Oil revenues could reach $10 billion annually after Damascus' agreement with the SDF: Expert

Dr. Hassan Hazouri, a professor of economics at the University of Aleppo, believes that the most prominent expected outcome of the Syrian government's agreement with the Syrian Democratic Forces (SDF) is the resumption of oil and gas fields, which could gradually increase production to significant and promising levels.

This could generate daily revenues estimated at approximately $28 million when peak production is reached, or more than $10 billion annually. He noted that these revenues will be used to finance reconstruction and infrastructure development projects, creating significant new job opportunities in various economic sectors.

Another outcome, Dr. Hazouri noted in a statement to Al-Hurriya newspaper, is the revival of the agricultural sector. Reclaiming fertile agricultural lands in the Jazira region will contribute to boosting agricultural production, especially for strategic crops such as cotton and wheat, supporting food security and creating job opportunities in the agricultural sector and related industries.
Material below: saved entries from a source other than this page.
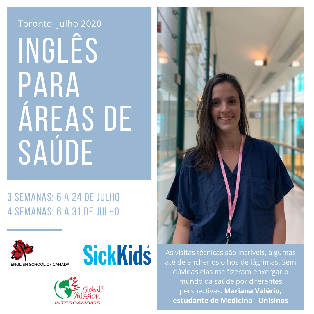 A 7ª edição do Programa Inglês Médico é realizada em Toronto, no Canadá, em parceria com a English School of Canada (ESC), e visa proporcionar três (3) semanas de curso e uma (1) de Observação Médica no Hospital SickKids – filiado à Universidade de Toronto- para estudantes e profissionais de Medicina, Enfermagem, Biomedicina, entre outras áreas da saúde.
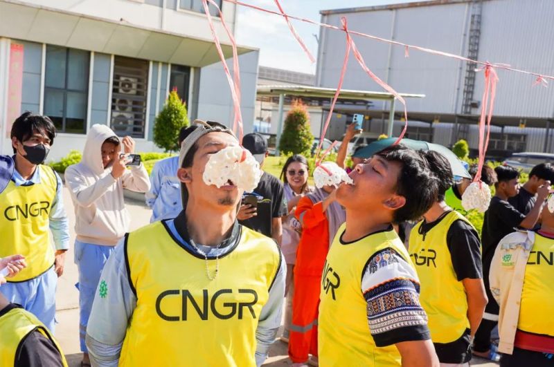 升旗仪式结束后,基地举办了趣味十足的乒乓球接力赛。由印尼籍员工组成12支队伍,大家用筷子夹乒乓球进行接力。伴随着比赛开始的哨声,大家迅速进入状态,紧密配合完成比赛,赛场上充满了欢笑与喝彩声。
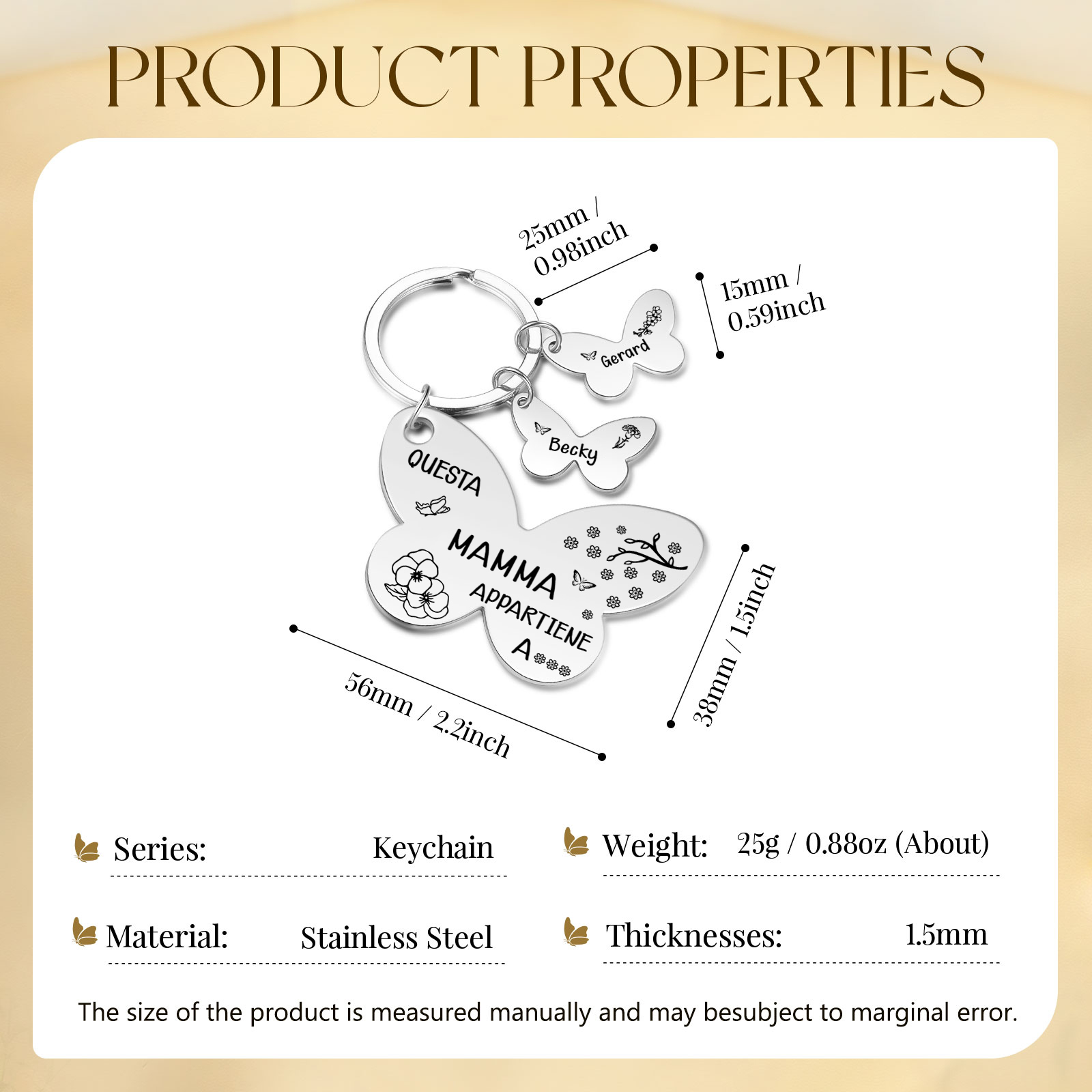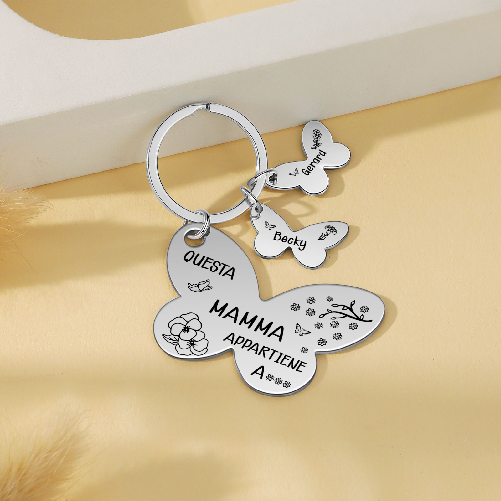 Questa mamma appartiene a-Portachiavi con ciondolo di farfalla con 2 nomi e 2 fiori di nascita e 1 testo personalizzati
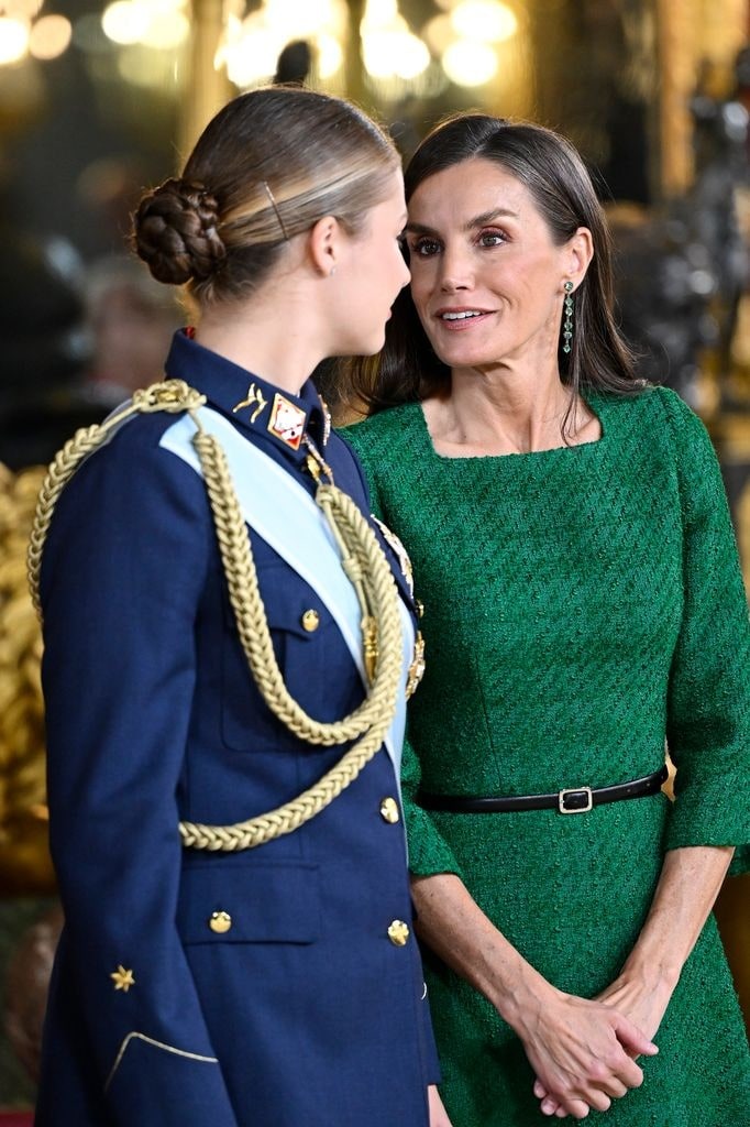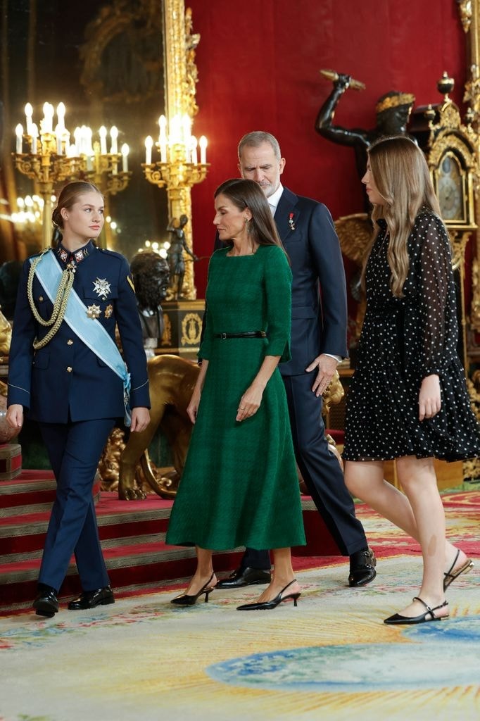 Como es habitual, la princesa Leonor no se ha cambiado de atuendo y ha mantenido su uniforme del Ejército del Aire. Durante el saludo, se ha situado al lado de la Reina, mientras que Sofía ha permanecido junto a su hermana. Entre los asistentes destacaban el alcalde de Madrid, José Luis Martínez-Almeida, acompañado de su esposa, Teresa Urquijo, quien ha realizado una reverencia a la Familia Real. La pareja atraviesa un momento especialmente feliz tras el nacimiento de su primer hijo, Lucas, el pasado verano. También se ha visto a la nadadora Teresa Perales, nombrada marquesa de Perales por deseo del Rey el pasado junio, así como a Paloma Segrelles y al duque de Calabria, Pedro de Borbón-Dos Sicilias.
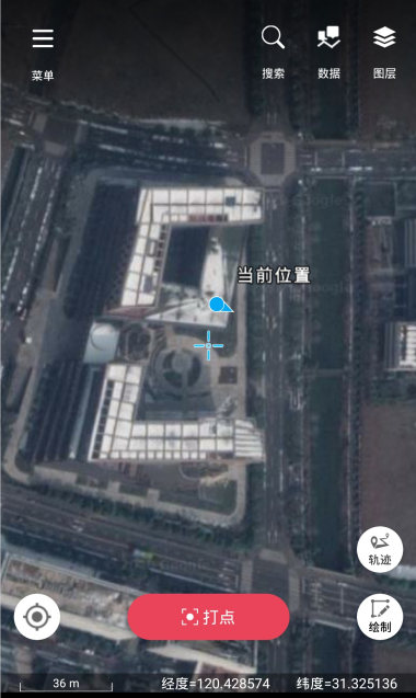 主界面主要包括以下内容:顶部按钮、右侧栏、定位按钮、打点按钮、比例尺、坐标显示。
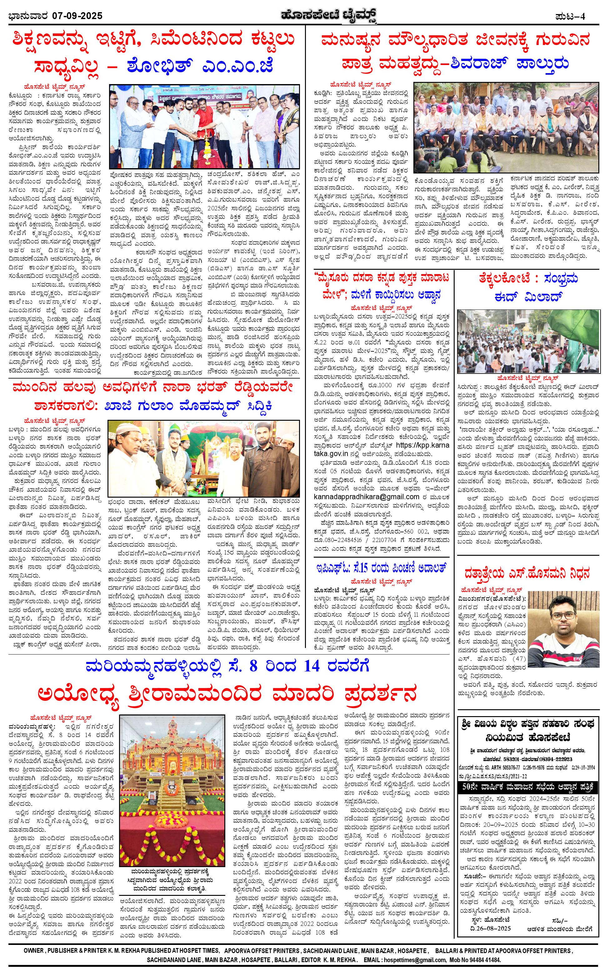 ಮಾಧ್ಯಮ ಅಕಾಡೆಮಿ ಪ್ರಶಸ್ತಿ ಪುರಸ್ಕೃತ 'ಹೊಸಪೇಟೆ ಟೈಮ್ಸ್' Page: 4 September 07, 2025 << First << 4 >> Last >> Page 1Page 2Page 3Page 4 × ಮಾಧ್ಯಮ ಅಕಾಡೆಮಿ ಪ್ರಶಸ್ತಿ ಪುರಸ್ಕೃತ 'ಹೊಸಪೇಟೆ ಟೈಮ್ಸ್' pdf&rendition=1-1 (2)-page-001pdf&rendition=1-1 (2)-page-002pdf&rendition=1-1 (2)-page-003pdf&rendition=1-1 (2)-page-004 << First << 4 >> Last >> pdf&rendition=1-1 (2)-page-001pdf&rendition=1-1 (2)-page-002pdf&rendition=1-1 (2)-page-003pdf&rendition=1-1 (2)-page-004 pdf&rendition=1-1 (2)-page-004
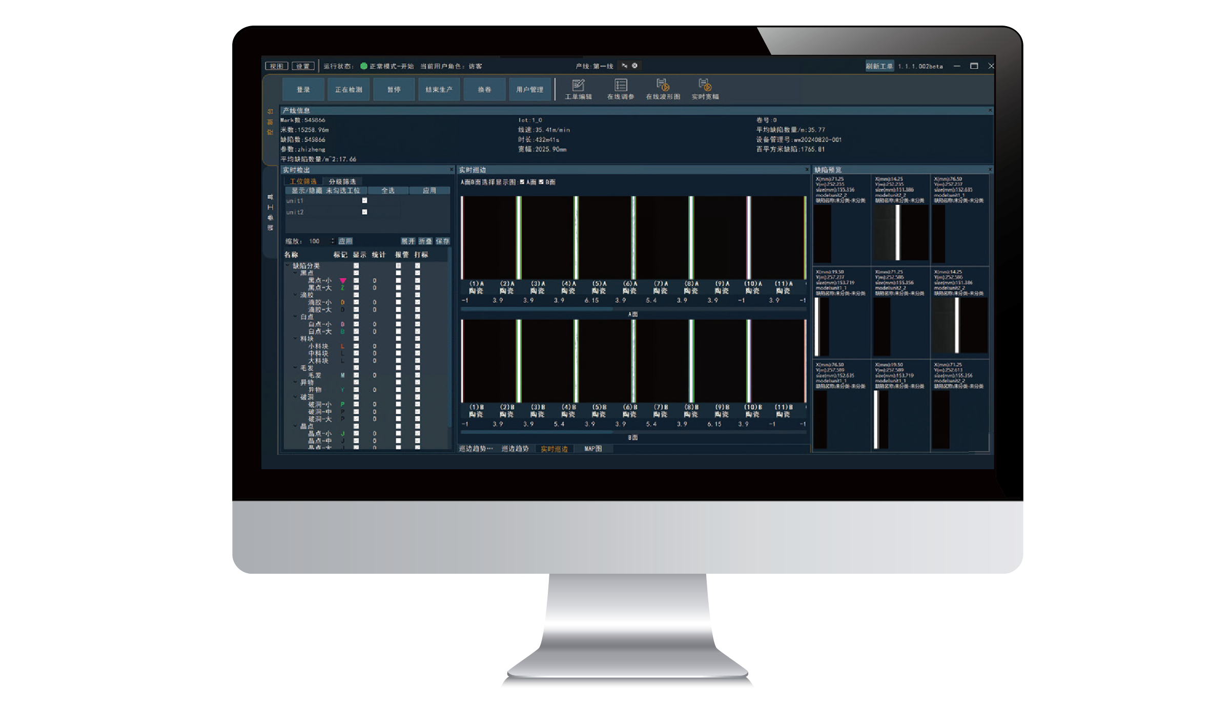 基于利珀多年平面材料檢測(cè)經(jīng)驗(yàn),推出通用卷材軟件飛瀑(FilmPort)。飛瀑應(yīng)用于平面材料連續(xù)化生產(chǎn)缺陷檢測(cè),滿足流延、涂布、復(fù)合、分切等多種設(shè)備場(chǎng)景,為多工位、多相機(jī)協(xié)同作業(yè)的連續(xù)化生產(chǎn)現(xiàn)場(chǎng)帶來便捷迅速的視覺檢測(cè)體驗(yàn)。用戶可以自行配置產(chǎn)線信息、工位信息、相機(jī)數(shù)量、UI 模塊等,從而實(shí)現(xiàn)理想的界面展示效果。
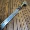 Lame légèrement courbe agrémentée de frise gravé et incrustation de laiton ,belle lame effilée et très tranchante contre tranchant au deux tiers , poignée traditionnelle en acier et laiton ciselé travaillée de forme zoomorphe,

It will also contribute to stimulating the industrial sector. With the availability of natural resources and improved stability, dormant factories and industrial facilities can be reopened, providing job opportunities in manufacturing and contributing to economic diversification.

Hazouri expects this agreement, in general, to contribute to narrowing the gap in the labor market and reducing unemployment rates by stimulating various economic sectors and providing a stable and attractive environment for investment.